### Task details
The answer is to be an exact copy of the lines below running from the line with "Photo of Hugh" down to the line with "Doeff-Halma_Dictionary003", both ends included, and nothing more.

### Given data
****

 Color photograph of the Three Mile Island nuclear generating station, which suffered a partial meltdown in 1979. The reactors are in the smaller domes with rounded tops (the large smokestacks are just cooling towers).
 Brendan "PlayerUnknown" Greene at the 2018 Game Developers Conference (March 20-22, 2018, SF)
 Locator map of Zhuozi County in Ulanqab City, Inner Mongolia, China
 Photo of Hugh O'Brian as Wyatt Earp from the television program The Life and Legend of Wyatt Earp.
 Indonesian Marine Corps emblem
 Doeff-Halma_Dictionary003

****

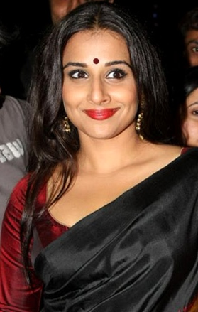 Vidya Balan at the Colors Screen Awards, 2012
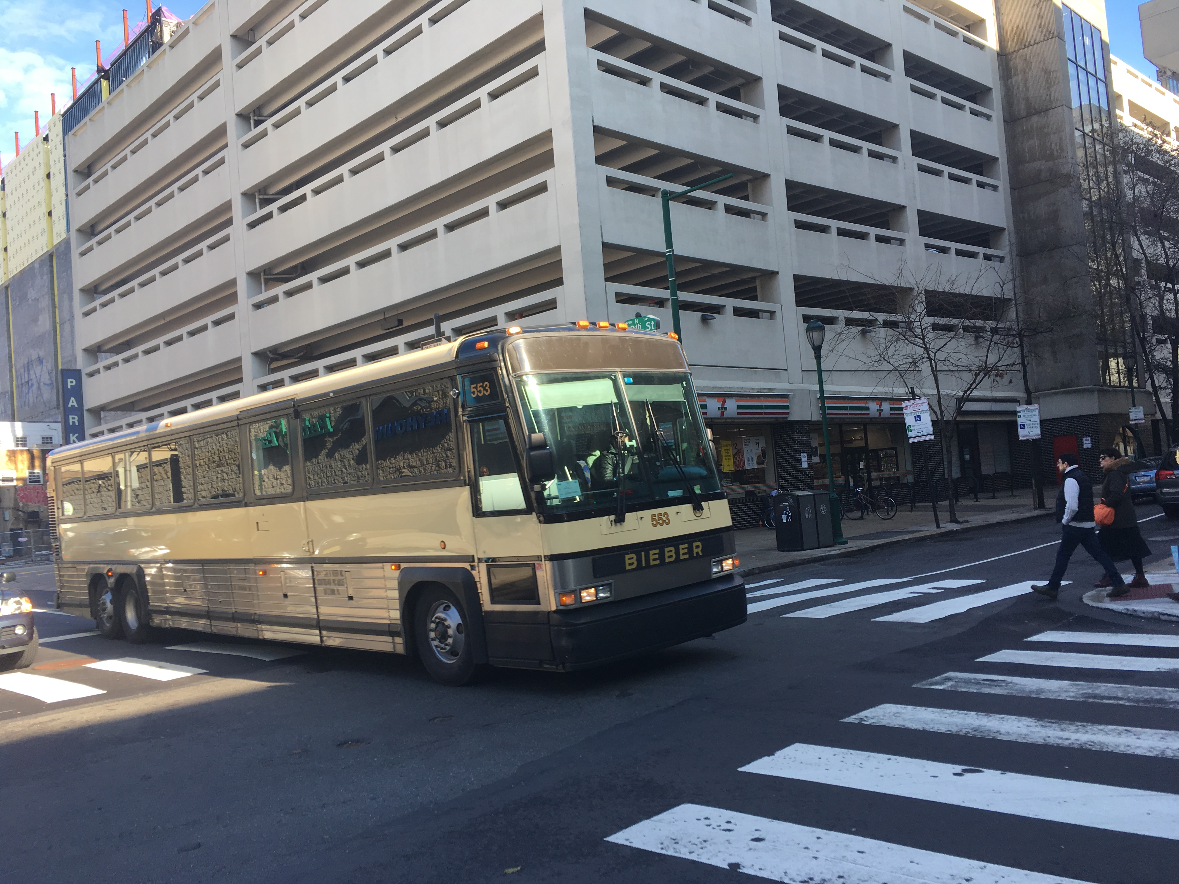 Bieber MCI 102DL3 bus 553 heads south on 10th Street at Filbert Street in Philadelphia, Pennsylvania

****

### Output
 Photo of Hugh O'Brian as Wyatt Earp from the television program The Life and Legend of Wyatt Earp.
 Indonesian Marine Corps emblem
 Doeff-Halma_Dictionary003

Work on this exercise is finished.